Deux frères qui s’étaient perdus de vue se retrouvent dix ans plus tard, suite à la mort de leur père, et prennent la route de l’Italie pour y ramener ses cendres. Un long voyage de retour aux sources qui sera l’occasion pour eux de régler leurs comptes et de revenir sur les absences, les rancœurs, les frustrations et les mensonges qui ont déchiré leur famille. Alfred revisite le thème classique du road-movie dans un album intimiste aux accents du sud et au graphisme splendide, riche en surprises et en rencontres étonnantes.

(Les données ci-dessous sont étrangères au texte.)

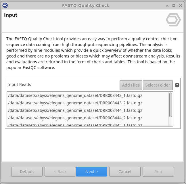 This functionality can be found under General Tools → FASTQ Tools → FASTQ Quality Check. The wizard allows to select input files and adjust analysis parameters (Figure 2 and Figure 3).

France, 1958 : Fabio est au bout du rouleau : il vient de perdre son énième combat de boxe, il collectionne les dettes, les embrouilles et les amours sans lendemain et est sans cesse en train de fuir. Mais quand il rentre à son hôtel ce soir-là, il trouve son frère Giovanni, qu’il n’a pas vu depuis dix ans, en train de l’attendre pour lui annoncer la mort de leur père et lui demander de faire le voyage avec lui jusqu’en Italie pour y ramener ses cendres. Entre sa situation qui empire et la perspective de toucher l’héritage familial, le choix est vite fait et malgré son refus initial, il accepte à contrecœur de suivre son frère, sans savoir vraiment ce qui l’attend à destination. Les deux frères partent donc à bord de la petite Fiat 500 de leur père pour un long voyage à travers le sud de la France, entre engueulades, rencontres marquantes et conversations libératrices qui feront resurgir un passé douloureux. Sans compter les révélations de Giovanni, qui donneront un tour tout nouveau au périple et à la relation entre les deux frères.
Come Prima déroule le thème très classique du voyage entre frères avec la typique mort du père, les cendres à ramener au pays, les souvenirs en commun, la copine dont ils sont tous les deux amoureux, et bien sûr les brouilles, le hasard des rencontres, les confessions et les regrets. Mais il le fait avec un sens du graphisme et un jeu de composition tels, que le récit ne tombe jamais dans le stéréotype flagrant et, au contraire, se trouve bonifié par la subtilité de la forme. Alternant entre deux époques – le présent d’un côté, les souvenirs de jeunesse de l’autre – représentées chacune par une ambiance graphique distincte – trait lumineux et épuré pour l’une et style croquis, au trait plus épais et un peu sérigraphie pour l’autre –, Alfred fait entrer le lecteur dans l’univers de ses personnages à petits pas. Il prend le temps de développer leur psychologie au fur et à mesure des paysages qui défilent, surtout celle de Fabio, le boxeur imprévisible et presque détestable, dont l’album suit les humeurs et remises en question. Résultat, on s’attache à eux. Et c’est petit à petit qu’on saisit des bribes de leur passé, à travers des images muettes abstraites qui véhiculent des sensations plus que des informations précises, mais qui reviennent à plusieurs reprises tout au long du récit, avec à chaque fois des détails supplémentaires qui permettent au lecteur de reconstruire, en même temps que les deux frères, le fil des souvenirs. Un voyage introspectif en somme, qui vient se superposer, de façon métaphorique, au voyage en Italie en tant que tel, et qui est l’occasion, pour Alfred, d’évoquer en filigrane ses origines italiennes à travers quelques références au contexte politique et social de l’Italie mussolinienne de l’époque – le Duce, les chemises noires, les mouvements populaires et de résistance – qui a profondément marqué son histoire familiale.
En bref, un récit dense, intimiste et subtil, au goût de nostalgie et de recherche du bonheur simple.